Logo Inilah Round Logo Inilah Letter

Find and Follow Us

Selasa, 19 Juni 2018 | 06:06 WIB
 

Soal Aturan Baru BWF, PBSI Akan Kirim Surat ke BAC

Oleh : Reza Adi Surya | Minggu, 25 Februari 2018 | 17:11 WIB
Soal Aturan Baru BWF, PBSI Akan Kirim Surat ke BAC
Kepala Bidang Pembinaan dan Prestasi PP PBSI, Susy Susanti - (Foto: badmintonindonesia)

INILAHCOM, Jakarta - PBSI akan mengirimkan surat ke Konfederasi Bulutangkis Asia (BAC) terkait aturan baru yang diterapkan Federasi Bulutangkis Dunia (BWF). Hal ini diungkapkan oleh Kepala Bidang Pembinaan dan Prestasi PBSI, Susy Susanti.

Aturan baru BWF yang pertama mengenai keharusan pemain elit bertanding di minimal 12 turnamen dalam setahun. Kedua, perubahan batas tinggi servis, dari tinggi rusuk terbawah tiap pemain, menjadi satu standard 115 cm dari permukaan lapangan.

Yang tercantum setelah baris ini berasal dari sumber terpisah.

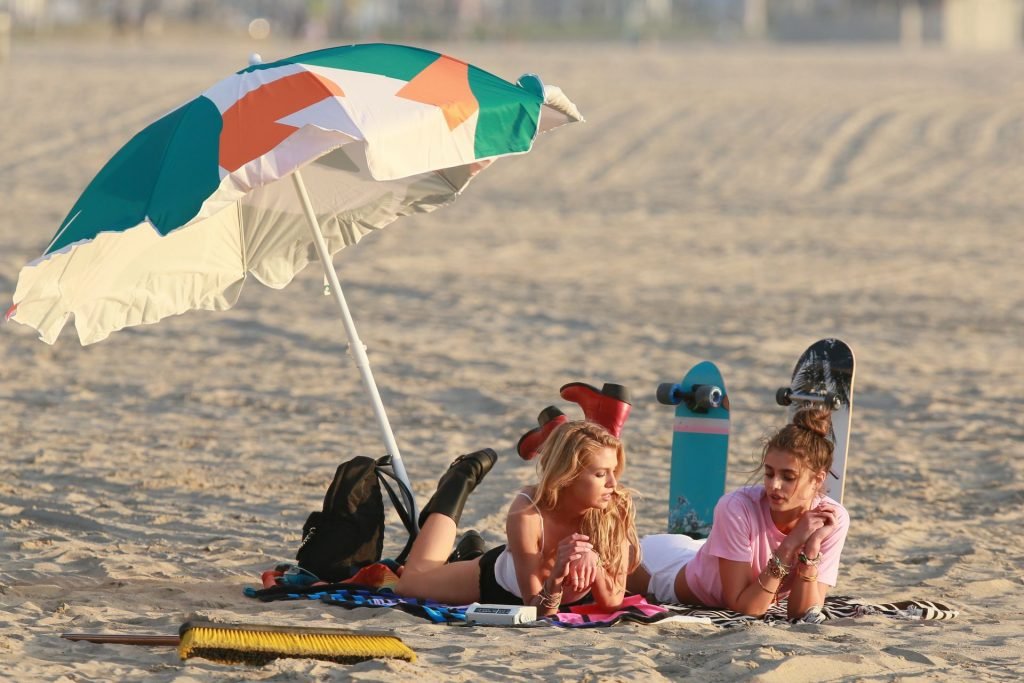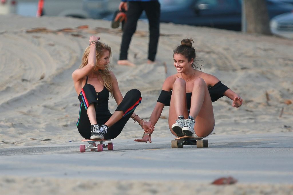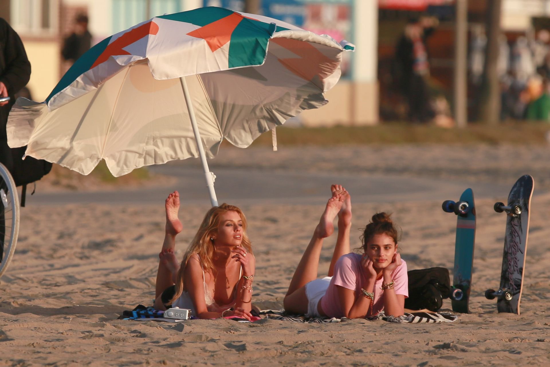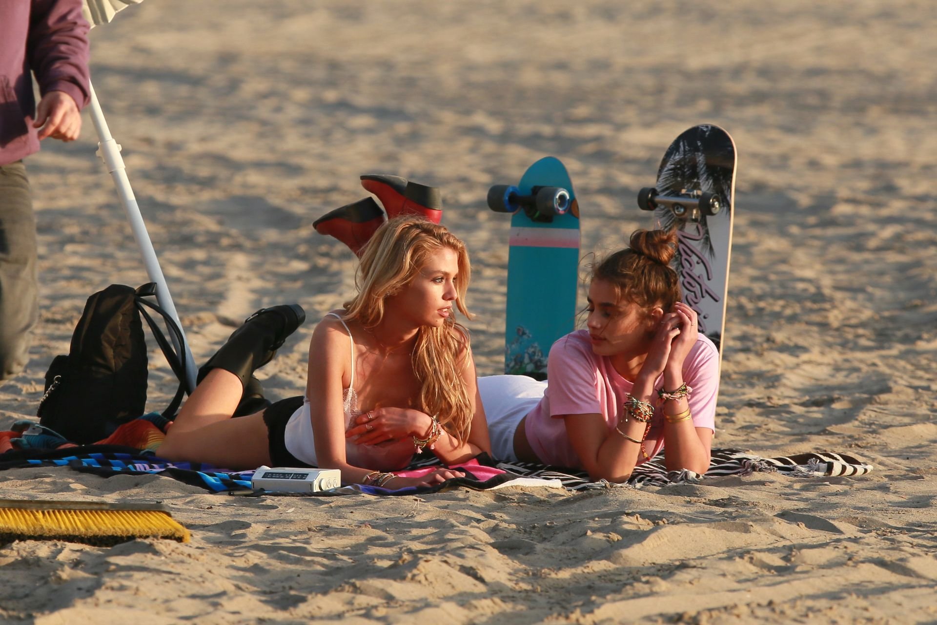 Stella Maxwell mostra para sua ex Kristen Stewart exatamente o que ela está perdendo durante um ensaio fotográfico para a Victoria’s Secret com a colega modelo Taylor Hill em Venice Beach, 11/01/2019.

Aturan ketiga adalah kemungkinan perubahan sistem skor pertandingan dari reli poin 21 menjadi skor 11 poin dikali lima game. Dalam sistem skor ini, game didapat pemain di poin 11. Setting terjadi pada kedudukan 10-10 dan maksimal game di angka 15.

Sebagai langkah nyata, Susy menuturkan, PBSI akan mengirim surat serta berdiskusi dengan pihak-pihak terkait, diawali dengan BAC.

"Akan ada pertemuan dengan BAC bulan depan, kami akan diskusikan dengan negara lain, karena beberapa negara memang keberatan juga, bukan cuma Indonesia. Peran Indonesia juga harus lebih aktif, karena banyak aturan yang sifatnya mendadak dan tidak ada pihak yang bisa menjelaskan secara detail, apa tujuan aturan baru ini?" ujar Susy, dikutip dari Badmintonindonesia.org.

"Mungkin saja akan ada pemungutan suara, saya harus cek lagi dengan tim hubungan internasional soal ini. Indonesia adalah salah satu negara yang dipandang di bulutangkis, seperti China, Korea, Denmark, Malaysia yang punya suara cukup kuat untuk memberikan masukan," katanya.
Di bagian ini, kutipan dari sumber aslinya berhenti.